Copy exactly the lines from the line holding "Губернатор Вячеслав Гладков" through the end of the material, and no others; pictures stay out.
Material provided Start Marker
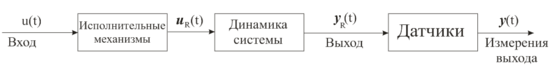 Как было отмечено ранее, мы будем рассматривать диагностику отказов для модели системы без обратной связи. В целях моделирования система без обратной связи может быть разделена на три части: исполнительные механизмы, динамика системы и датчики (рисунок 2.4).
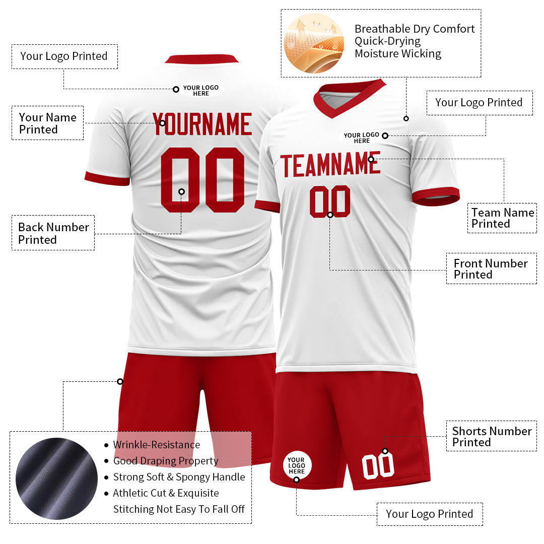 Custom White Soccer Uniform For Adult Youth Fans Jersey
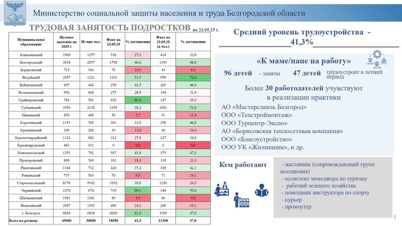Губернатор Вячеслав Гладков поручил провести специальные семинары, где будут разъяснены все аспекты легального трудоустройства несовершеннолетних. Особый акцент будет сделан на безопасности труда и адаптации рабочих мест под возможности подростков.
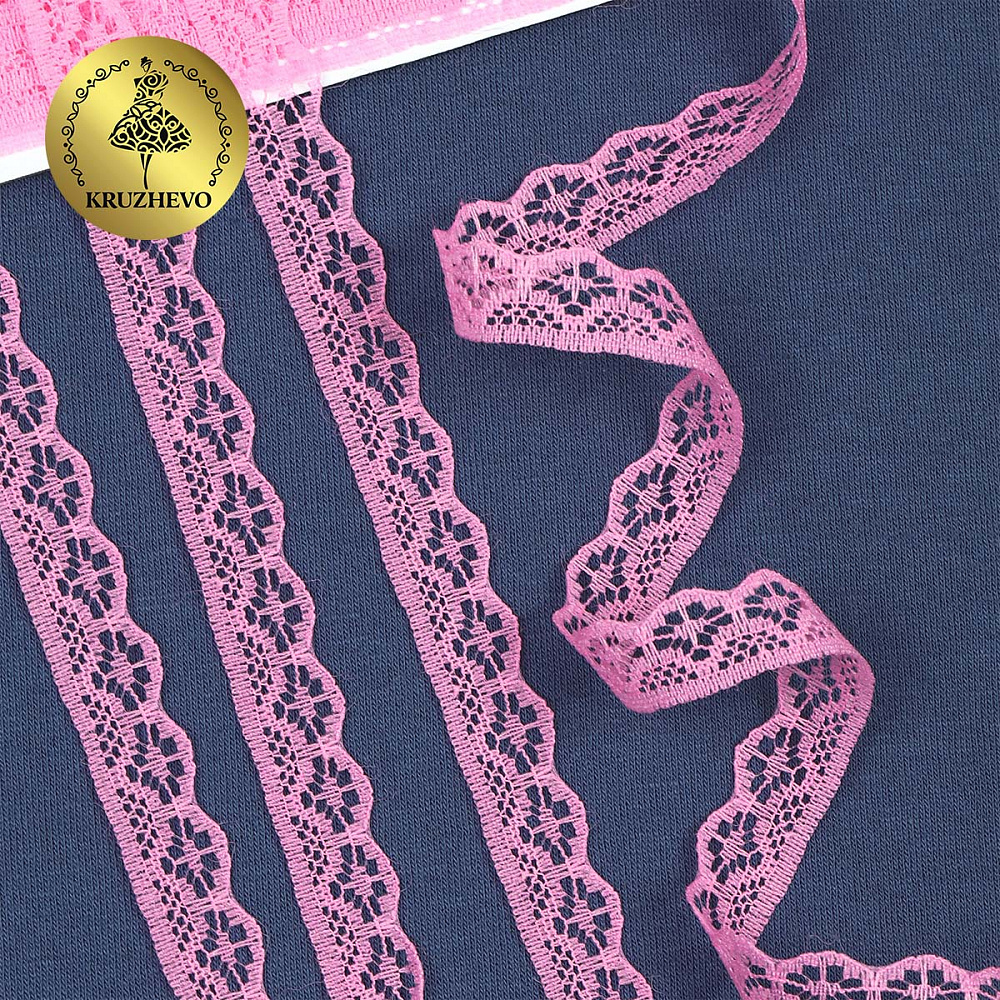 Очень красивое и нежное кружево-трикотаж. Большая палитра оттенков, различная ширина и разнообразные рисунки. Кружево-трикотаж можно использовать для разных сфер дизайна — отделки нижнего белья, халатов, маек, повседневной и праздничной одежды, изготовлении аксессуаров. Кружево не эластичное!
Material provided End Marker
**Answer space:**
Губернатор Вячеслав Гладков поручил провести специальные семинары, где будут разъяснены все аспекты легального трудоустройства несовершеннолетних. Особый акцент будет сделан на безопасности труда и адаптации рабочих мест под возможности подростков.
 Очень красивое и нежное кружево-трикотаж. Большая палитра оттенков, различная ширина и разнообразные рисунки. Кружево-трикотаж можно использовать для разных сфер дизайна — отделки нижнего белья, халатов, маек, повседневной и праздничной одежды, изготовлении аксессуаров. Кружево не эластичное!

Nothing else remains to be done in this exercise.